→ Exercise details: Report each line of the listing below that holds "glass".

→ Material for the task:
------------------------------
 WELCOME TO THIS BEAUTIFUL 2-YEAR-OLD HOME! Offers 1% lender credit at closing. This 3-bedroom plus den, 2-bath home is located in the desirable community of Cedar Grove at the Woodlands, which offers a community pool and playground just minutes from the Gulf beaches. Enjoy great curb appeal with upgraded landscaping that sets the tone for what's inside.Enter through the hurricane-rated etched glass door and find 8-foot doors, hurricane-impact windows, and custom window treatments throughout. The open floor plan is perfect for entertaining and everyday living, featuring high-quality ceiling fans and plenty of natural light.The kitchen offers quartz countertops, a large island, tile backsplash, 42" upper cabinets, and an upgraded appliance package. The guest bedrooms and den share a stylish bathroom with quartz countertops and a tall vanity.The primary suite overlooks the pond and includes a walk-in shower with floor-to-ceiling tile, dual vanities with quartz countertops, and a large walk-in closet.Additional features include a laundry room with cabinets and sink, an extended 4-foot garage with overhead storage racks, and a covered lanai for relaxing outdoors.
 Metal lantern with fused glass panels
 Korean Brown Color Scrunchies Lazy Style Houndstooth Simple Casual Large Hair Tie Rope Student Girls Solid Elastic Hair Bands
------------------------------
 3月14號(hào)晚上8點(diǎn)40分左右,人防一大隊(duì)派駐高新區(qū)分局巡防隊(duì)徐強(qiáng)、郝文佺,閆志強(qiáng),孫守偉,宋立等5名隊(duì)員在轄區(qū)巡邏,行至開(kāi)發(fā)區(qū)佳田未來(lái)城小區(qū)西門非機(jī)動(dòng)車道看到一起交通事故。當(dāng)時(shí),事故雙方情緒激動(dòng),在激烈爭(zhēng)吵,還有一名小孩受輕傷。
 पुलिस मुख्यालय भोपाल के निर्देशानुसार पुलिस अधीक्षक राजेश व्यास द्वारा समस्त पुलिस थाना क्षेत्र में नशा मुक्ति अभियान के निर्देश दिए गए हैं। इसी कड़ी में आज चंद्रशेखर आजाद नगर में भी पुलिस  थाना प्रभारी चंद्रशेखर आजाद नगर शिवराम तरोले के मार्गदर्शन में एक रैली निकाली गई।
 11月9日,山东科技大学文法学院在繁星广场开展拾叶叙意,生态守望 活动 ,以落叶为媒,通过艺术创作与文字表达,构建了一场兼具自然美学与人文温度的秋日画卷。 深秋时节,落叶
------------------------------
→ Solved exercise:
 WELCOME TO THIS BEAUTIFUL 2-YEAR-OLD HOME! Offers 1% lender credit at closing. This 3-bedroom plus den, 2-bath home is located in the desirable community of Cedar Grove at the Woodlands, which offers a community pool and playground just minutes from the Gulf beaches. Enjoy great curb appeal with upgraded landscaping that sets the tone for what's inside.Enter through the hurricane-rated etched glass door and find 8-foot doors, hurricane-impact windows, and custom window treatments throughout. The open floor plan is perfect for entertaining and everyday living, featuring high-quality ceiling fans and plenty of natural light.The kitchen offers quartz countertops, a large island, tile backsplash, 42" upper cabinets, and an upgraded appliance package. The guest bedrooms and den share a stylish bathroom with quartz countertops and a tall vanity.The primary suite overlooks the pond and includes a walk-in shower with floor-to-ceiling tile, dual vanities with quartz countertops, and a large walk-in closet.Additional features include a laundry room with cabinets and sink, an extended 4-foot garage with overhead storage racks, and a covered lanai for relaxing outdoors.
 Metal lantern with fused glass panels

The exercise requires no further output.